I looked into these digit length studies, which claim to be able to detect your sex and sexual orientation from the relative length of you index finger to your ring finger, the 2d:4d ratio. The data is inconsistent and noisy, there might be a weak effect of testosterone on relative finger length, but it’s utterly useless for predicting sex, let alone sexual orientation. It’s the kind of garbage I’d expect to see in an evolutionary psychology journal. I’m aghast that Trivers, or anyone, thinks it useful. What else? Palmistry?

It’s bad science fueled by motivated reasoning and a cash payout by a convicted pedophile, and Trivers supported it. I’m going to have to go back and question all of his contributions to theoretical evolutionary biology now.

Naturally, Trivers made excuses for his friend the pedophile.
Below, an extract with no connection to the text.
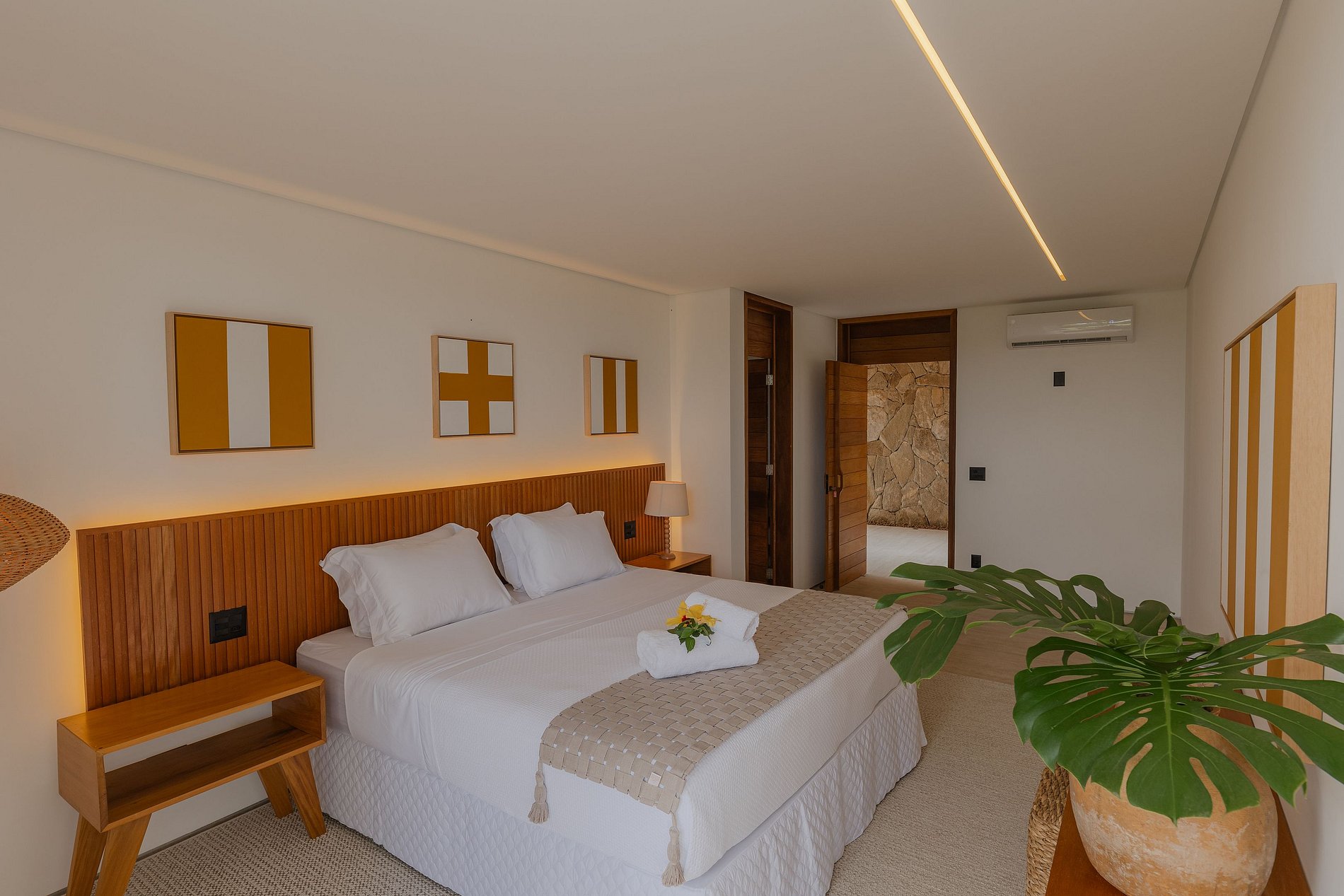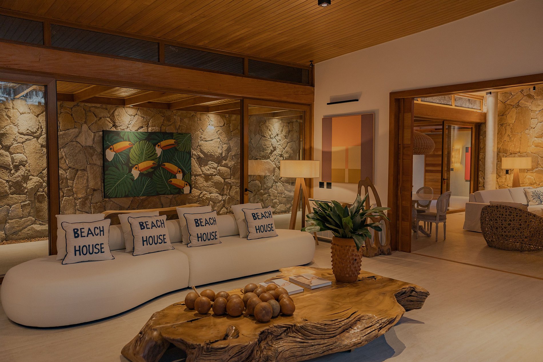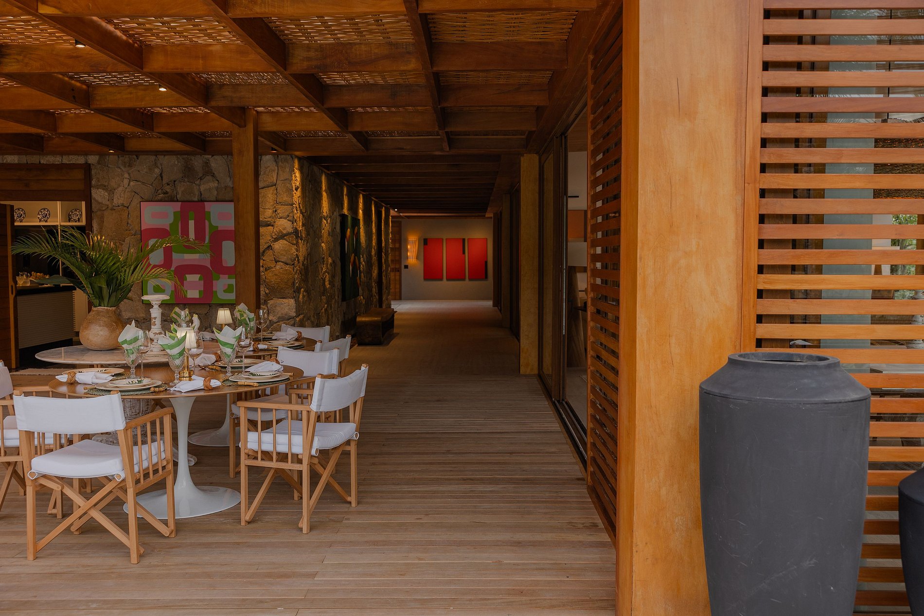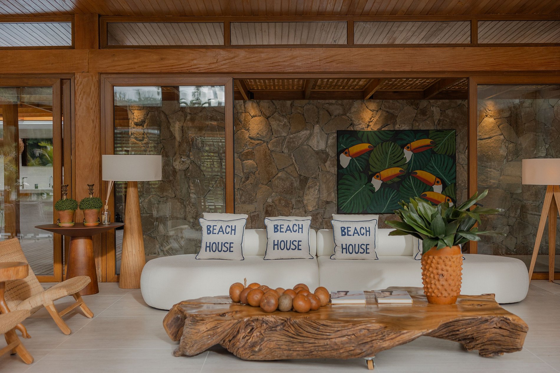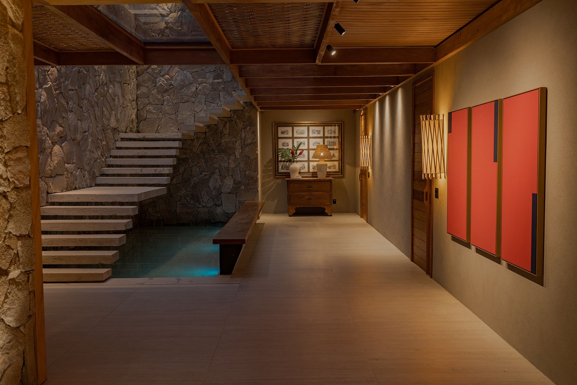 La residencia tiene un frente de 30 m3 y un lado de 40 m, totalizando 70 m, y se distribuye en 2 plantas, con cochera techada para 2 autos, hall de entrada, sala, cine en casa, comedor, amplia cocina, lavandería. , 10 baños (incluidos los de las suites). El Área Externa consta de una cocina gourmet,

Notably, in 2015, Trivers was interviewed by Reuters about his financial relationship with Epstein, saying that the financier remained a friend even despite his allegations of sexual abuse of a minor. “Did he get an easy deal? Did he buy himself a light sentence? Well, yes, probably, compared to what you or I would get, but he did get locked up,” Trivers told the publication at the time, adding, “By the time they’re 14 or 15, they’re like grown women were 60 years ago, so I don’t see these acts as so heinous,” he said.

I think maybe I’m going to be sick.

So, is it OK to traffic grown women and sell them into sexual slavery?